Chancenlose Krefelder legten erst am Ende zu

Nach dem gestrigen, ruppigen Auftakt konnte man von den Genfern gegen den zweiten DEL-Gegner in zwei Tagen heute Ähnliches erwarten. Diesmal zeigten die Genfer aber vor allem, dass sie grosse spielerische Klasse besitzen. Sie besiegten die Krefelder mit 6:3.

Garage Marti

Der gestrige Kampf gegen Wolfsburg forderte bei den Genfern seine Opfer. Daniel Vukovic, der sich im Boxkampf die Nase brach, sowie Nick Spaling mussten heute passen. Das tat den Energiereserven der Grenats aber kaum einen Abbruch. Gleichzeitig war auch zu sehen, dass die Krefelder Mannschaft nicht ganz an die Klasse der Grizzlys am Tag zuvor herankam. Die Genfer liefen nie die Gefahr, das Spiel nicht zu gewinnen, auch wenn die Krefelder zum Spielende hin noch ein wenig zulegten. So spielte Genf die Krefelder phasenweise schwindlig, Riat und Simek (zum Best Player gewählt) konnten sich als Doppeltorschützen feiern lassen. Ganz ohne Härte kam die Partie gleichwohl nicht aus. Roman Chuard stand kurz davor, nach gestern den zweiten Restausschluss zu kassieren und somit das Spiel am Samstag zu verpassen. Die Handschuhe waren bereits am Boden – allerdings gingen die Schiedsrichter dazwischen, so dass Chuard und sein Beinah-Kontrahent Marcel Mueller nur für je 2+2 Strafminuten und einer 10-minütigen Disziplinarstrafe auf die Strafbank wanderten. 

Shorthander-Festival
Beide Teams hatten diverse Powerplaychancen, aber nur gerade eine wurde ausgenutzt – in der 51. Minute durch Mike Collins zum 3:6-Schlussresultat aus Krefelder Sicht. Dafür gab es drei Shorthander zu bestaunen. Zu Beginn bekundeten die Krefelder grosse Mühen mit dem Boxplay der Genfer. Der DEL-Vertreter konnte sich kaum installieren, im Gegenteil, die Genfer entwischten sowohl in der 24. als auch in der 26. Minute.
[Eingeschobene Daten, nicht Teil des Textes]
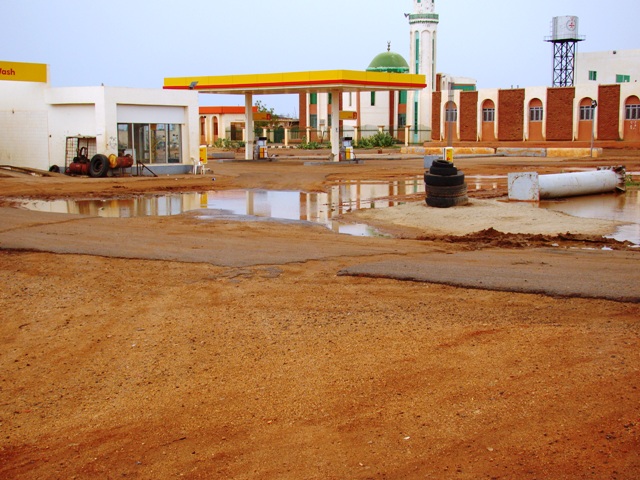 Англичане искали отель с кондиционером, но оказалось, что мест на всех нет. Мы ознакомились с городком, космическими ценами на фрукты (апельсины — 90 руб. кг, а других фруктов — нет) и решили двигаться в сторону Хартума, так как было всего 15.30. Попрощались с англичанами. До Хартума около 450 км. В начале отличная дорога идет вдоль Нила, а потом сворачивает на право и идет на прямую через пустыню. Перед въездом в пустыню заправили полный бак, купили хлеба и посчитав, что будем на месте около 21.00 — двинулись в пустыню. На выезде у нас проверили паспорта с визами. Через 50 км мы увидели первые лужи вдоль дороги, сильно удивившие нас. По солнцу в дымке и красным облакам мы пытались угадать — будет ли песчаная буря?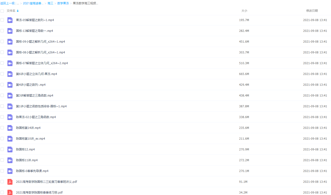 此课件来自于高途课堂,2021届高途春季班(HL绝密)-高三陈国栋果冻数学视频课程,课程知识点包括选择题三角函数、函数性质综合、立体几何、数列、解析几何和导数等视频。还有配套的讲义:2021高考数学陈国栋二三轮复习春季班讲义.pdf和2021高考数学陈国栋春季练习册.pdf。他的课程内容多以题型为主,题型梳理尤为全面,讲的题目都很经典,方法总结也很独特。知识点讲的非常的详细,易懂且全面。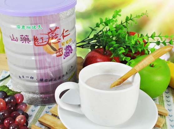 山藥紅薏仁葡萄籽粉嚴選二林在地紅薏仁粉(台中1號)、葡萄籽萃取物、麥芽萃取物、芡實萃取物、蓮子萃取物、茯苓萃取物、黑棗萃取物、紅麴萃取物、白山藥粉、冬蟲夏草菌絲體發酵萃取物、卵磷脂、芝麻粉、小麥粉、葡萄糖、全脂奶粉、黑糖、焦糖等食材精心製作而成,適合早餐、點心或宵夜來一杯,補充人體所需的營養。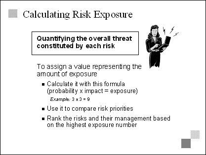 Explain Risk exposure is an artificial way of quantifying the overall threat of a risk. You calculate it by multiplying probability times impact. It has meaning only within the context of the project and by comparison with other risks. Emphasize Risk exposure is meaningful only in relationship to other risks that use the same scales. |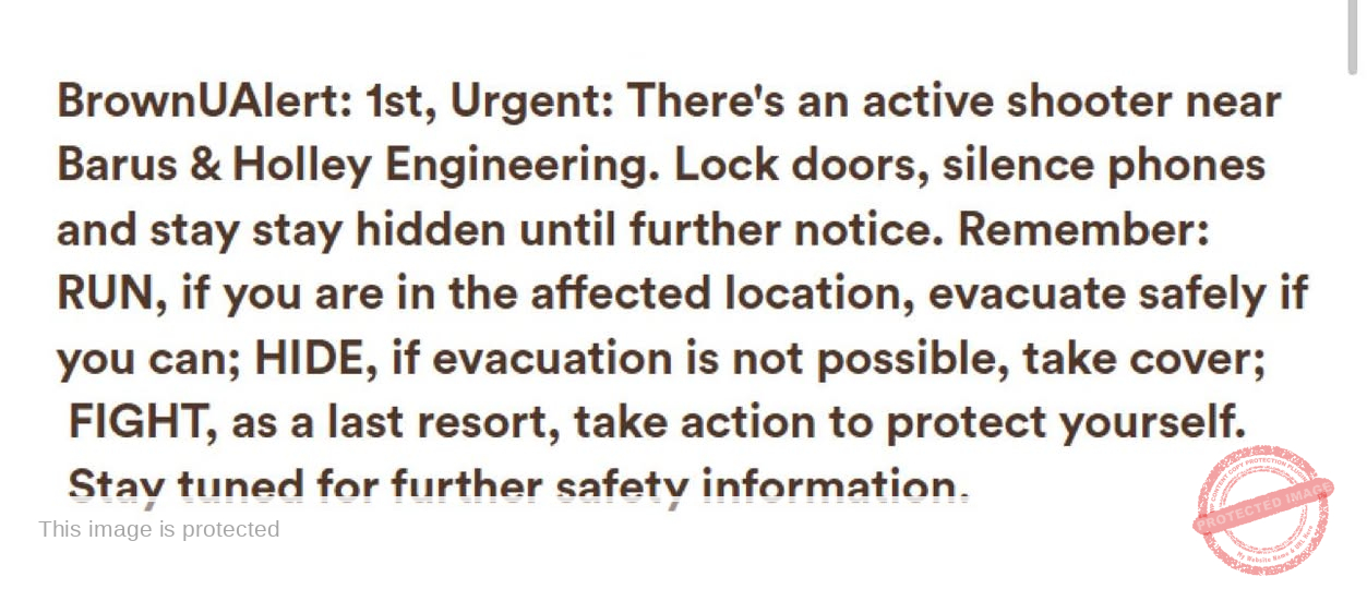 The first BrownUAlert was stark and urgent: “There’s an active shooter near Barus & Holley Engineering. Lock doors, silence phones and stay hidden until further notice.” It reminded everyone of the now-familiar guidance of Run, Hide, Fight — urging those in danger to flee if possible, hide if not, and only fight as a last resort. That message set the tone for what would become hours of uncertainty for a campus community already stressed by the end-of-semester environment.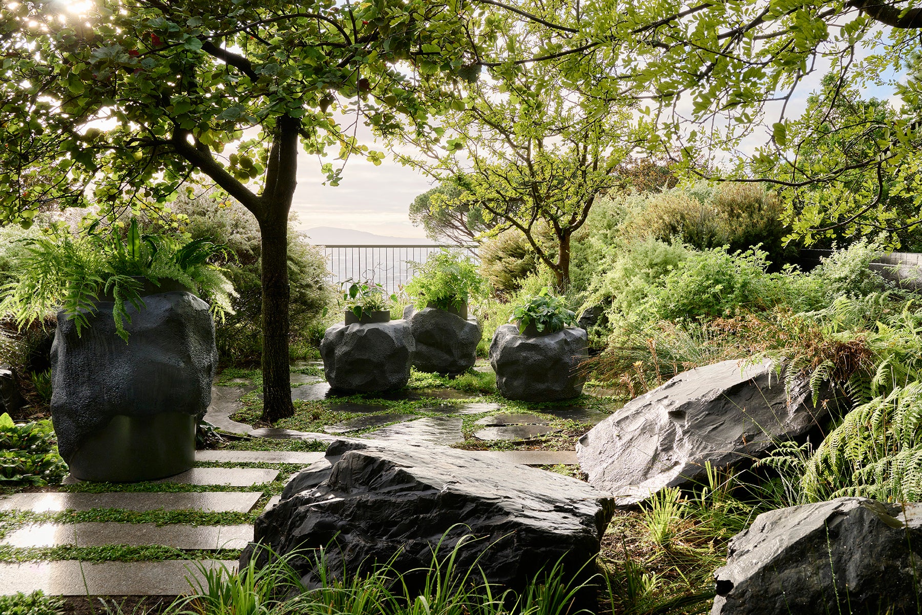 Petra performs confidently as a standalone focal piece and becomes even more compelling when grouped. Used in repetition or varied sizes, it creates rhythm and sculptural continuity across interiors and architectural landscapes.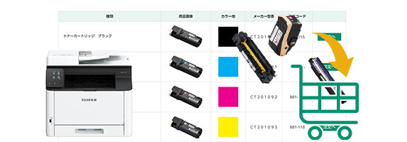 いつもご利用いただいている商品のサイズ違いや、機種に対応した消耗品を簡単にご注文いただけます。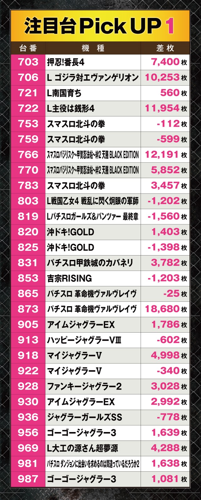 さらに最新台の『押忍!番長4』は+7,400枚と、こちらも理想的な展開を迎えていた。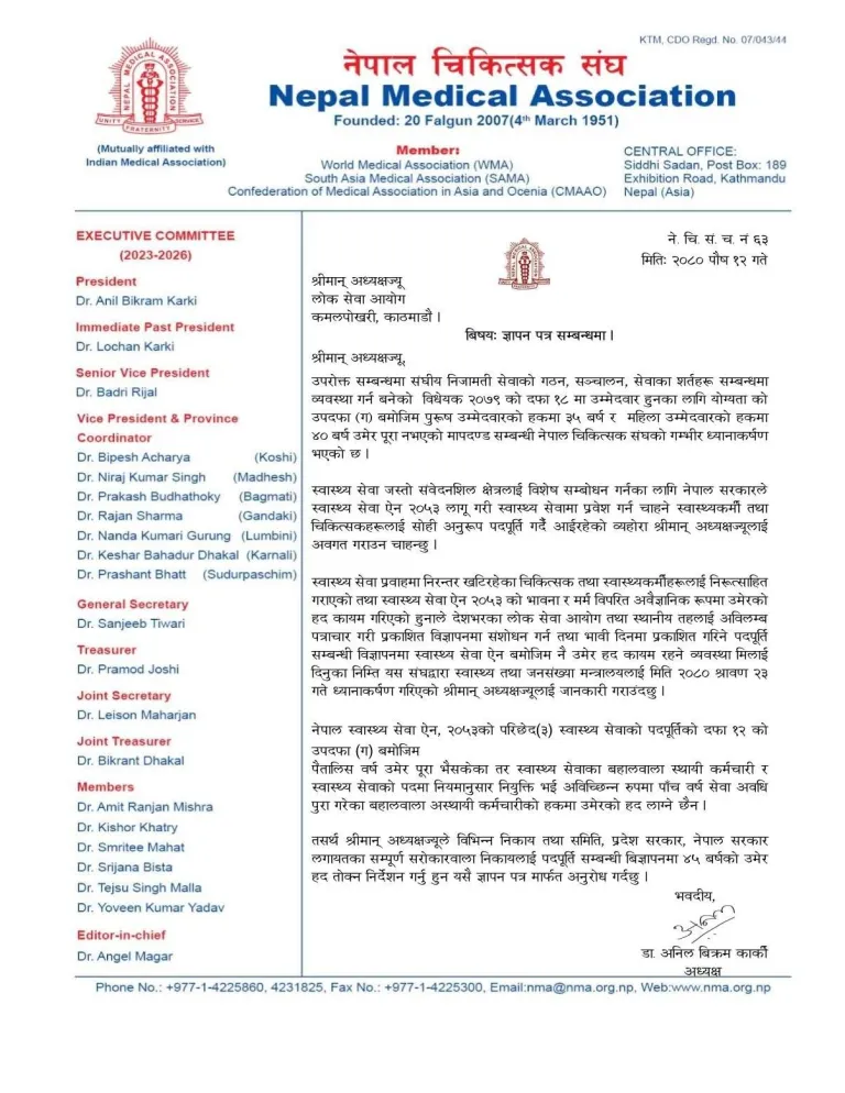 काठमाडौं । स्वास्थ्य सेवातर्फ संघ प्रदेश तथा स्थानीय तहले गर्ने पदपूर्तिमा उमेर हद फरक-फरक भएको विषयमा नेपाल चिकित्सक संघले एक रूपता कायम गर्न माग गर्दै लोकसेवा आयोगको ध्यानाकर्षण गराएको छ। बिहीबार संघका अध्यक्ष डा. अनिलबिक्रम कार्कीको नेतृत्वमा गएको टोलीले लोक सेवा आयोगका अध्यक्ष माधवप्रसाद रेग्मीलाई भेटी ज्ञापनपत्र बुझाएको हो।

Juraj Simek mit dem 4:1 und Jeremy Wick mit dem 5:1 entschieden so die Partie bereits früh. Auch sonst war das Spiel von vielen Fehlern geprägt. Bei den ersten drei Tore zum zwischenzeitlichen 2:1 für die Genfer sahen die Torhüter jeweils nicht allzu gut aus, ehe Simek mit 3:1 hoch ins Eck für das schönste Tor des Nachmittags besorgt war.
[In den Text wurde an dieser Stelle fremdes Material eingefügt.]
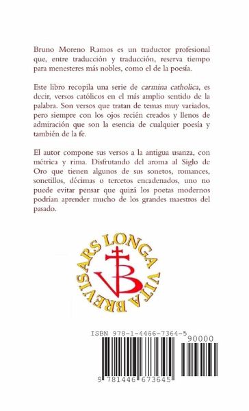 Bruno Moreno Ramos es un traductor profesional que, entre traducción y traducción, reserva tiempo para menesteres más nobles, como el de la poesía. Este libro recopila una serie de carmina catholica, es decir, versos católicos en el más amplio sentido de la palabra. Son versos que tratan de temas muy variados, pero siempre con los ojos recién creados y llenos de admiración que son la esencia de cualquier poesía y también de la fe. El autor compone sus versos a la antigua usanza, con métrica y rima. Disfrutando del aroma al Siglo de Oro que tienen algunos de sus sonetos, romances, sonetillos, décimas o tercetos encadenados, uno no puede evitar pensar que quizá los poetas modernos podrían aprender mucho de los grandes maestros del pasado.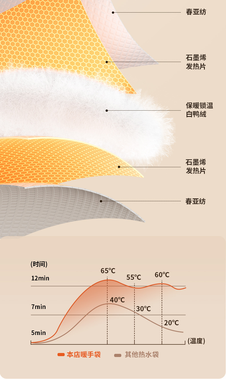 【一袋多用!羽绒暖手袋】USB石墨烯防爆充电式无水热水袋神器暖手套暖宝宝随身便携,三档智能控温 远红外热敷。ry
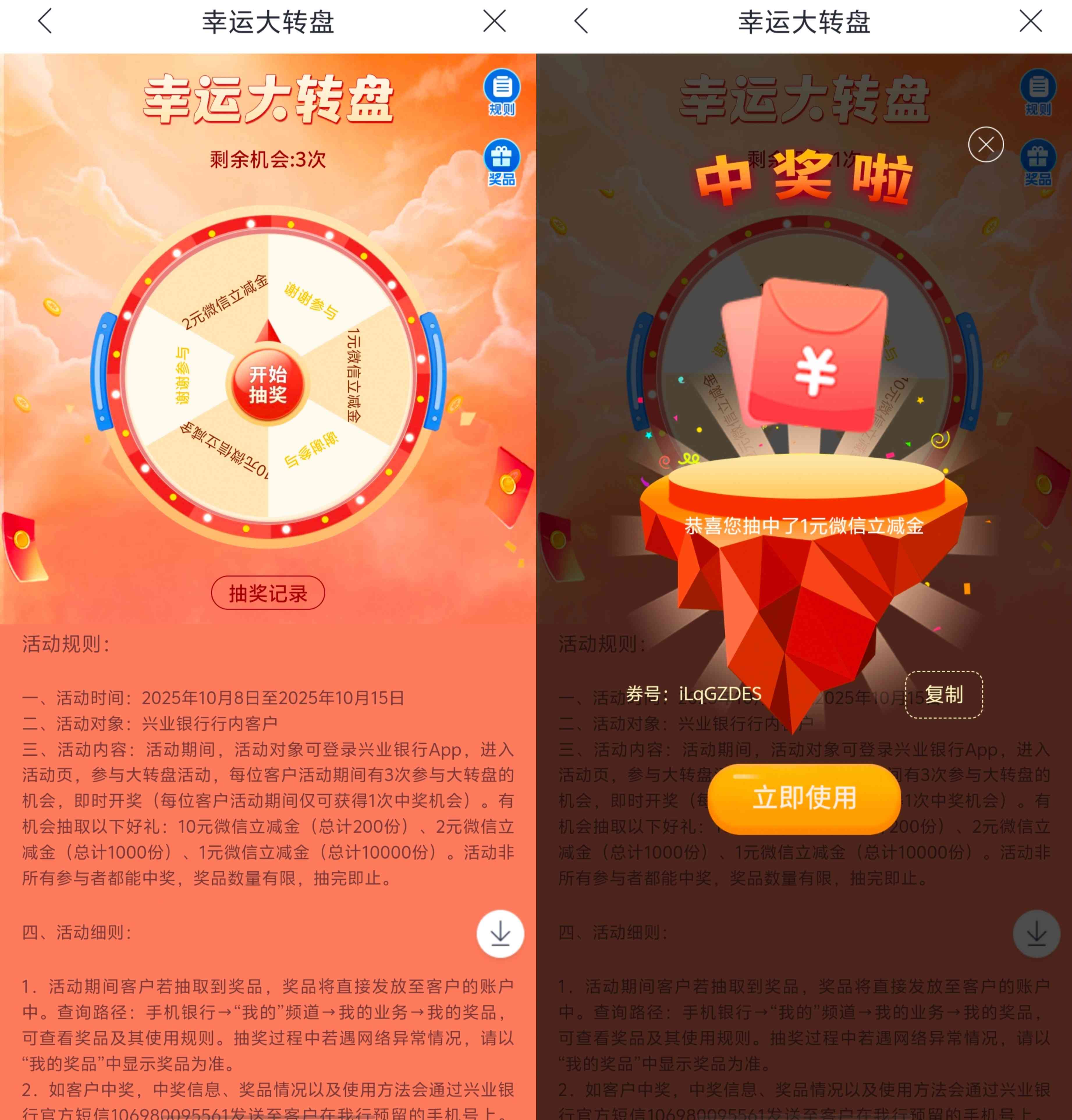 兴业银行的寒露节气礼抽奖活动,兴业银行用户参加活动进入可直接参加抽奖一次,奖品为1元、2元和10元三种面额的微信立减金,抽奖非必中,兴业银行用户可以自行试试运气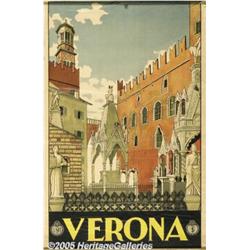 <B>Verona (ENIT,Circa 1930)</B></I> Travel Poster (24.5" X 37"). Town center of Verona with bell tower and statuary. Old canvas mount. Nailed to wooden batten top and bottom. Fine condition on Canvas.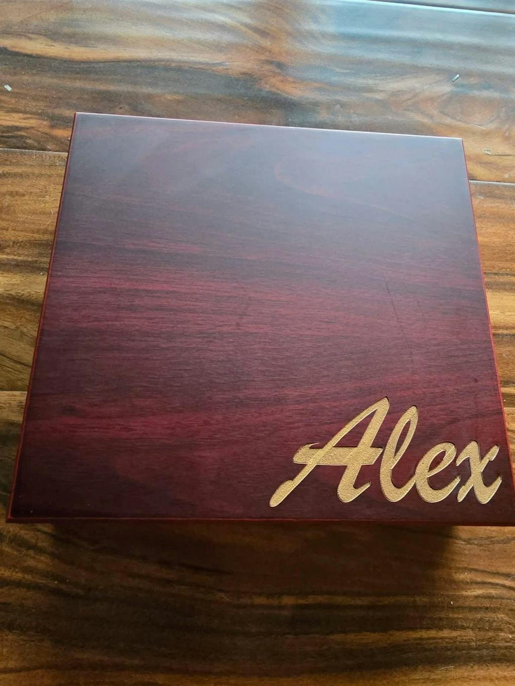 My brother received a personalized gift box from me. I did it for his birthday February 11th 2026 and his name is Jacob. So his name is on the leather wallet, carbon knife, multi-tool, and as well as the box it was all crafted in. So as the purchaser thank you very much for your service.

Die Genfer haben sich nach der gestrigen Niederlage eindrücklich zurückgemeldet. Sie können im Kampf um Platz 1 jetzt nur noch zuschauen. Am Freitagnachmittag treffen die Krefelder noch auf die Wolfsburger. Und im heutigen Abendspiel steht das Duell zwischen SCL Tigers und den Iserlohn Roosters an. (aha)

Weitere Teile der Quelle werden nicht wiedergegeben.